Bree felt rattled. The beast in her was alive—wrapped in damp newspaper and buried deep, but alive. She lasted three minutes. The
n, methodic as a wood-chipper, she annihilated a whole box of packet oatmeal, dry; four shriveled burger buns with jam; half a cereal box. It took mere minutes. The beast was still at large. There had to be something else in the house with the power to put it back down.
The Shaka Bars.
To the handbag—she tore open the first one, biting bar and wrapper together. It was sweet, sure, and buttery, with a pinch of salt. It crunched like real sugar. Just a food bar, like all the rest.
She swallowed.
She felt a chemical change. An easy feeling flowed through her, like wine on an empty stomach. The Shaka Bar gave her a feeling she couldn’t put her finger on. The beast? Asleep. The frenzy? Over. Bree turned her full attention to the bar.
The second bite confirmed findings. Maui Bliss molecules streamed through her blood. Her world turned warm, sharp, panoramic, like a high-speed photo of a flame.
She put the remaining bar back in her bag. Saved it. Unprecedented. She didn’t eat anything else.
• • •
In the morning, Bree shot to work early, bought four more Shaka Bars and got a jump on her assignments. The work seemed so easy. She researched. She tested.
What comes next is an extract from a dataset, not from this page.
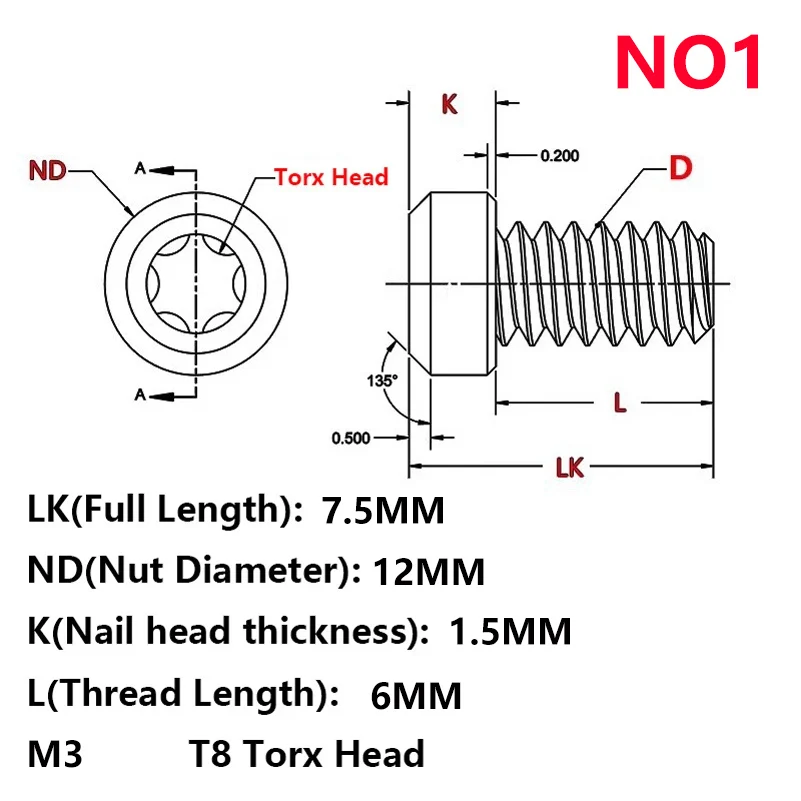Cuchillo hecho de acero inoxidable personalizado, 2 tamaños, tornillos de rosca M3, botón de cabeza Torx T8, remache de husillo de uñas, sujetador, accesorios para hacer bricolaje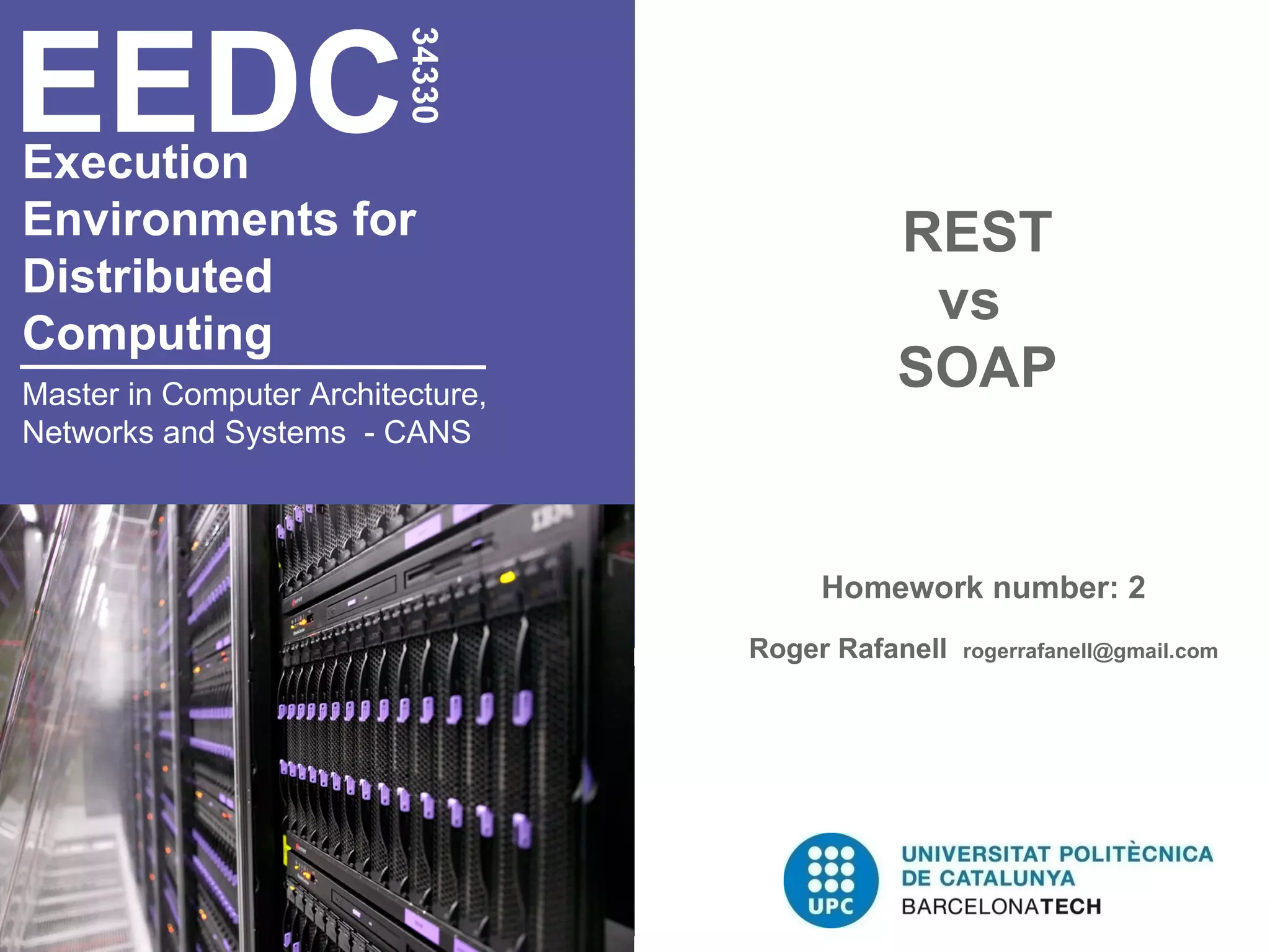 The document compares REST and SOAP architectures for distributed computing. It defines REST as a web services style based on HTTP that designs operations on data, while SOAP is a protocol for exchanging structured information that offers application logic as a service. The document then outlines key differences, with REST being more lightweight, flexible and oriented towards data, while SOAP focuses more on operations, security and reliability. It concludes by recommending REST unless specific needs require SOAP.

She switched her database admin tool from the dog of an app she’d been using since 2009.
While running tests, Bree pulled up the Shaka Bar website. Between cartoon palm trees reappeared Surfer Santa (Shaka Bob, founder and “Chief Tasting Officer") and more flavors. Mai Tai. Bananas Foster. Pineapple Upside-Down Cake. Bree ordered two sample boxes and splurged on expedited shipping.
She searched through “Shaka Bob’s Story” and “Who We Are,” looking for the catch, the pucker factor, the inevitable dolphin foie gras and children’s tears. But Shaka Bars boasted American labor, an “innovative Community Worx™ program” and a “Top 25 Green Companies” mention from Wired. She wondered if the company took visitors. Alas their mailing address was in Hawaii and a PO Box besides.
She hunted for details about the Hawaiian-sounding ingredient: a natural sweetener, as it turned out. If it bothered her that the results for “momokeleki extract” were limited to science journals (initial studies optimistic) and Shaka Bars (press releases), or that the sidebar ads suddenly bristled with private investigators, she gave no indication.